What Can a Software Engineer Learn From a Rocket Engineer? Quite A Lot Actually.
Imagine you’re building thousands of rocket engines and spending billions of dollars on a quest to make humanity a multi-planetary species. If your manufacturing process isn’t as efficient as possible, you’ll run out of money before you get there. You probably need to optimise this process like crazy right? So why don’t we see if we can optimise our software in the same way…
(please ignore the fact that nobody needs to manufacture software, that’s why it’s called software not hardware, just bear with me)
In a recent interview, Elon Musk talked about how manufacturing was underrated and was the most difficult problem SpaceX had to solve.
“10,000% more work goes into the production system than the thing itself.”
“The amount of effort that goes into the design rounds down to zero relative to the amount of effort that goes into the manufacturing system.”
He went on to describe 5 steps used to optimise engineering for manufacturing, which emerged from the many successes and mistakes of rocket programs and Teslas in the past:
1. Make the requirements less dumb
The requirements are definitely dumb; it does not matter who gave them to you. Therefore, requirements get challenged, which allows for out-of-the-box thinking (see Cybertruck).
“Everyone’s wrong. No matter who you are, everyone is wrong some of the time.”
“All designs are wrong, it’s just a matter of how wrong.”
He also states that specific people should own requirements, not departments, so that they can be questioned much quicker.

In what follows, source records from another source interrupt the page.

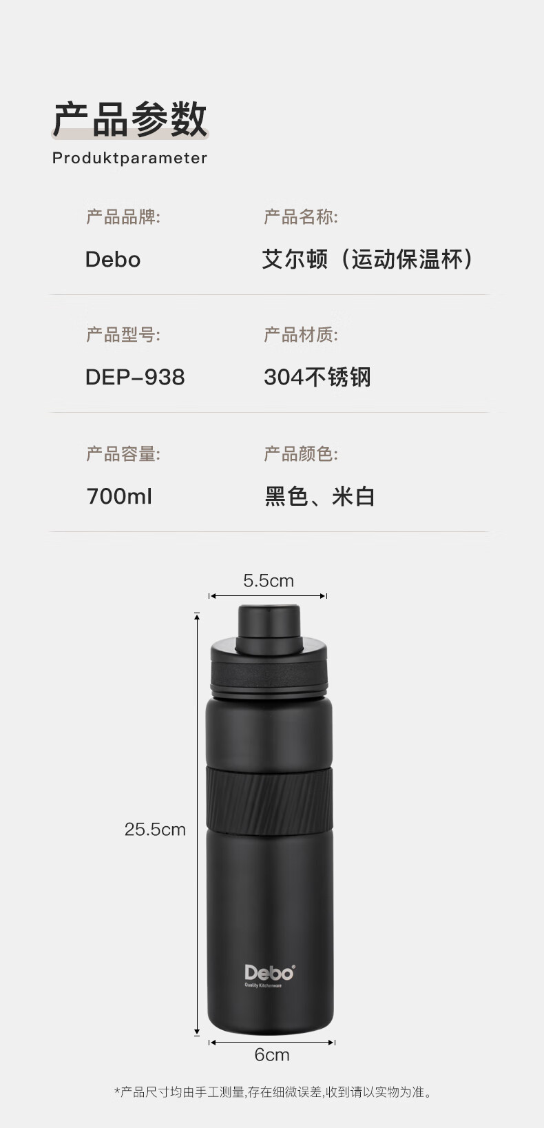 【分仓直发包邮】德铂艾尔顿运动保温杯(黑/白)DEP-938
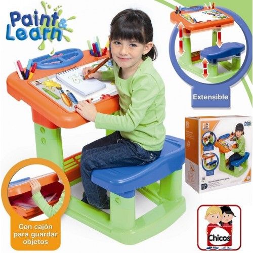 Este pupitre, con una amplia superficie de trabajo, crece a medida que el niño o niña también lo hace. Es extensible en altura para adaptarlo con facilidad al crecimiento del joven artista. Incluye cajón guarda objetos , medidas : 575x755x585 mmFabricado con plástico de gran resistencia y durabilidad, incorpora un cajón guarda objetos baja la amplia superficie de trabajo. Materiales de dibujo no incluidos.
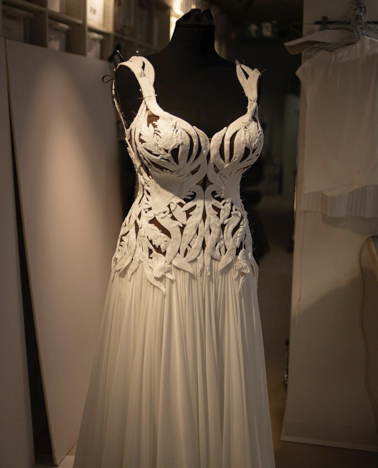 Viola Davis is always one to watch on any red carpet! Davis graced the 2021 Oscars wearing Alexander McQueen, styled by Elizabeth Stewart. Her gown was a custom McQueen piece by Sarah Burton which featured intricate detailing that simply cannot go unnoticed. Appearing in white, the dress has a 360 degree gathered chiffon skirt and hard-to-miss cage-like feature complete with embroidered appliqué.
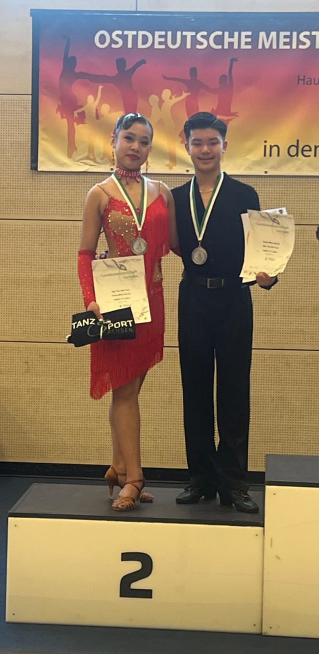 Schon routiniert sind Emely Minh Anh Do und Ngo The Vinh Tran. Sie tanzten ebenfalls in ihrer und der nächsthöheren Altersklasse. Nach Platz 3 der Landesmeisterschaft in ihrer Altersklasse durften sie sich über Platz 2 in der Jugend freuen.
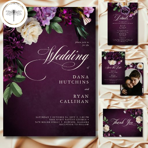 Step into a realm of exquisite elegance with our floral dark and moody wedding invitation. Designed to captivate the senses, this invitation boasts a striking burgundy background adorned with a breathtaking burst of florals in deep burgundy, lavender, lilac, creamy hues, complemented by lush dark green foliage. The creamy elegant script text delicately adds a touch of romance to the overall allure. Embrace the opulence of the rich tones and set the tone for your special day with this stunning invitation, sure to leave a lasting impression on your guests. Created by Simply Farmhouse Press.
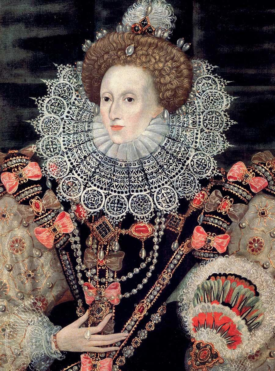 Рассматривая портреты конца XVI в., можно предположить, что модные аристократки того времени наносили румяна в форме перевернутого треугольника начиная от яблочек щек и сужая вниз, к подбородку. На картинах цвет выглядит ровным и хорошо растушеванным, но в реальной жизни такой макияж, скорее всего, был гораздо более ярким и агрессивным.
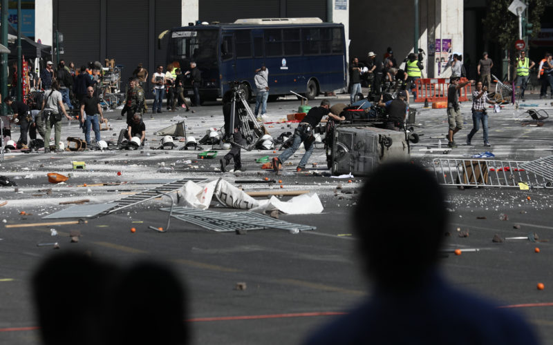 Οι σκηνές που γυρίζονται από το πρωί περιλαμβάνουν «μάχες», μεταξύ διαδηλωτών και αστυνομικών στους δρόμους γύρω από Σύνταγμα. Αρκετοί ήταν εκείνοι που περνώντας από το Σύνταγμα σταμάτησαν για να παρακολουθήσουν, πίσω από τα προστατευτικά κιγκλιδώματα, τα γυρίσματα.
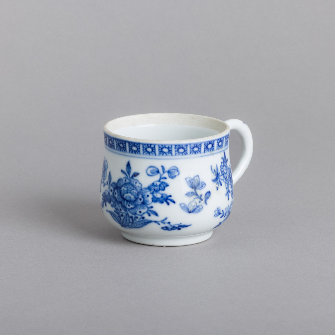 Em porcelana da China, Séc. XVIII, decoração a azul "flores". Sinais de uso, pequena falha na ponta da pega e falta tampa.
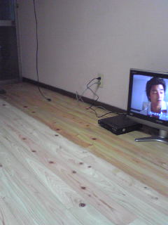 床に塗ったワックスは蜜蝋と油と好みのエッセンシャルオイルで作った物です。
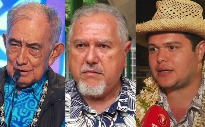 Tavini Huiraatira’s historic leader and a former president Oscar Temaru (from left), French Polynesia’s current President Moetai Brotherson, and Tematai Le Gayic . . . "old guard" political leadership pitted against a younger generation. Image: Tahiti Nui Télévision
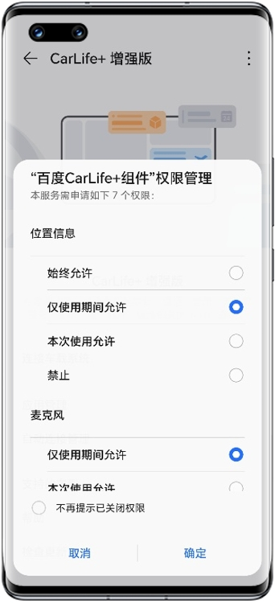 - 确保手机上所有的权限弹框都已点击确定(尤其是百度CarLife+组件弹框)。
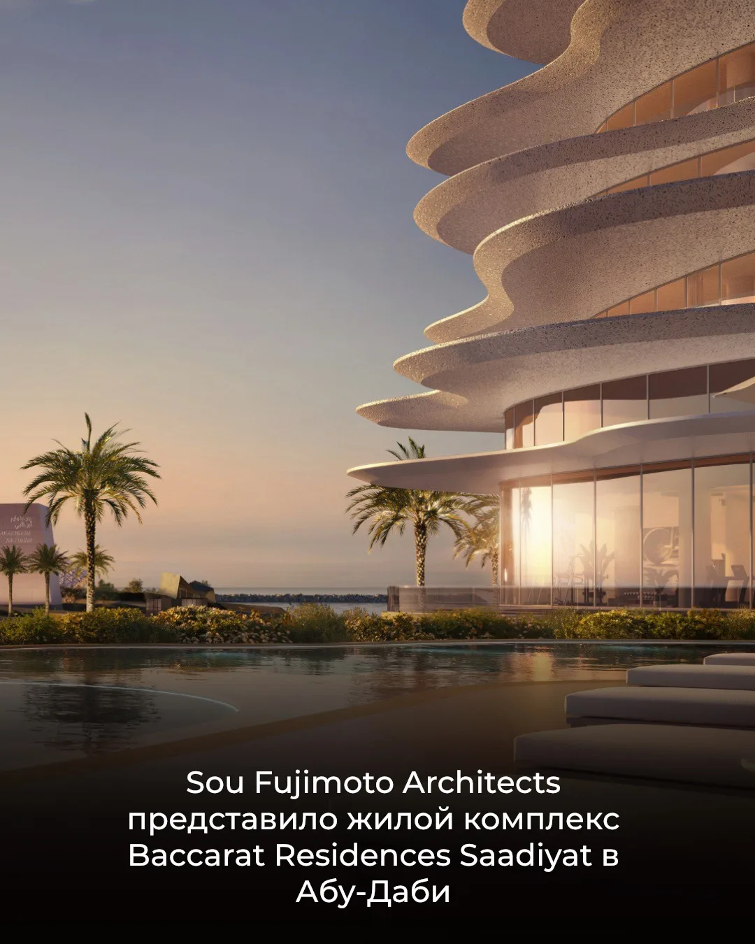 🌐 Японское бюро Sou Fujimoto Architects представило свой первый жилой проект в ОАЭ - комплекс Baccarat Residences Saadiyat рядом с музеем Гуггенхайма на острове Саадият в Абу-Даби. Два белых здания с волнообразными фасадами и этажами, расположенными в шахматном порядке, включают 77 резиденций, в том числе «небесные виллы», два пентхауса и панорамный бассейн. Форма комплекса вдохновлена береговой линией острова, а интерьеры решены в нейтральной гамме с округлыми формами.

2. Try very hard to delete the part or process
You can’t afford to add a part ‘just in case’. Musk encourages deleting as many parts as much as possible, even if you end up adding some back later.

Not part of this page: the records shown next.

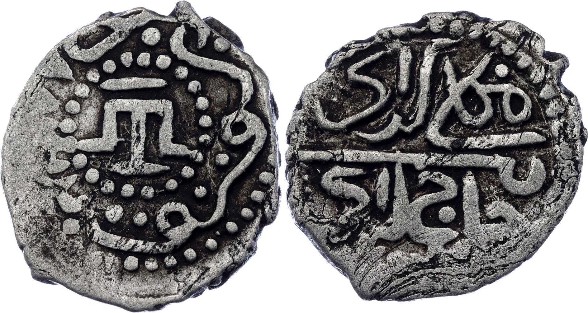Ret.# 23; N# 125357; Silver 0.67 g.; Obv: Mengli Khan / bin Hajji Giray/ Khan. Rev: Mint / Qirq Yer . 885. Tamgha in center; XF
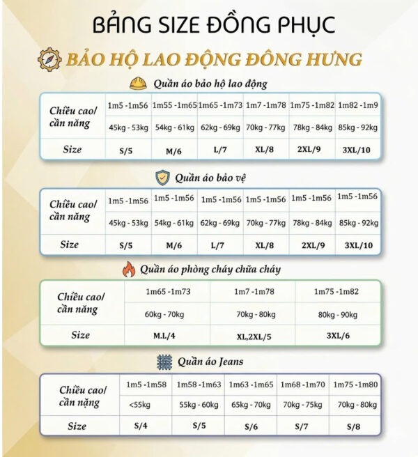 KÍCH CỠ QUẦN ÁO BẢO HỘ LAO ĐỘNG
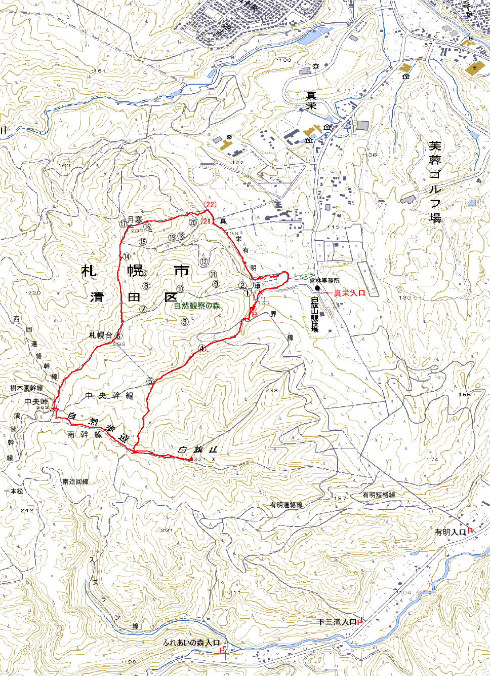 ポイント 目印となる山が見えない低山の上、スキーコース、林道、遊歩道が網の目に交差しているので、入口や途中にある道標と地図を確認しながら辿ると安心だ。三角点は山頂に南通321.2m、北尾根に月寒239.4mがある。 |
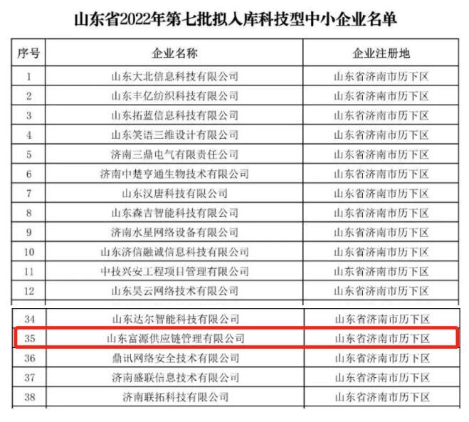 近日,省科技廳公布2022年第七批擬入庫科技型中小企業(yè)名單,魯商資本旗下山東富源供應鏈管理有限公司(以下簡稱“富源供應鏈”)成功入選。

“If you’re not occasionally adding things back in, you’re not deleting enough.”
3. Simplify and optimise the design
This step comes third, not first, for good reason. The critical point of this whole process is to not do this step until you’re absolutely sure it’s needed before you start wasting your time.
“The most common error of a smart engineer is to optimize something that should not exist.”
Elon stressed the importance of an engineer understanding the whole system to avoid optimising the wrong thing. He revealed that SpaceX engineers had made the mistake of putting enormous amounts of effort into reducing the weight of engine components, but not the weight of unused fuel, despite them being equivalent.
4. Accelerate cycle time
Here’s where you start to find issues, and have a chance to fix them before it’s too late. It’s like learning to run before you run a marathon.
“You’re moving too slowly, go faster! But don’t go faster until you’ve worked on the other three things first.”
Why is this separate from the fourth step? Because this assumes you wait until any and all issues have been found before removing all humans from the process.
It would be hugely costly to try to automate something that was overly complicated or wasn’t needed.
This is also the point where you should aim to remove in-process testing for parts that can be produced reliably. Musk states that a tester could be creating a choke point, and will always have some have false negatives.
“If things are getting to end-of-line testing, and are passing, then you don’t need to do in-process testing.”
We can summarise this process as the following:
Design → Question → Simplify → Optimise → Accelerate → Automate
How does this relate to software?
So let’s say instead of building thousands of rockets, you’re developing the next big app/website/API. It’s a huge task. If you do everything right you’ll be bought by Google within 5 years, else you’ll take 15 years, never get feature-complete, spend all your money, and get overtaken by somebody else. How does this situation compare to SpaceX’s?
In terms of the processes and ways of thinking, there are a lot of parallels: it’s easy to get carried away solving the engineering problems and ignoring the bigger picture. Engineers tend to want to add loads of functionality that isn’t essential. They like optimise for speed and efficiency without being required to. They stick to a set of best practices and don’t usually question them.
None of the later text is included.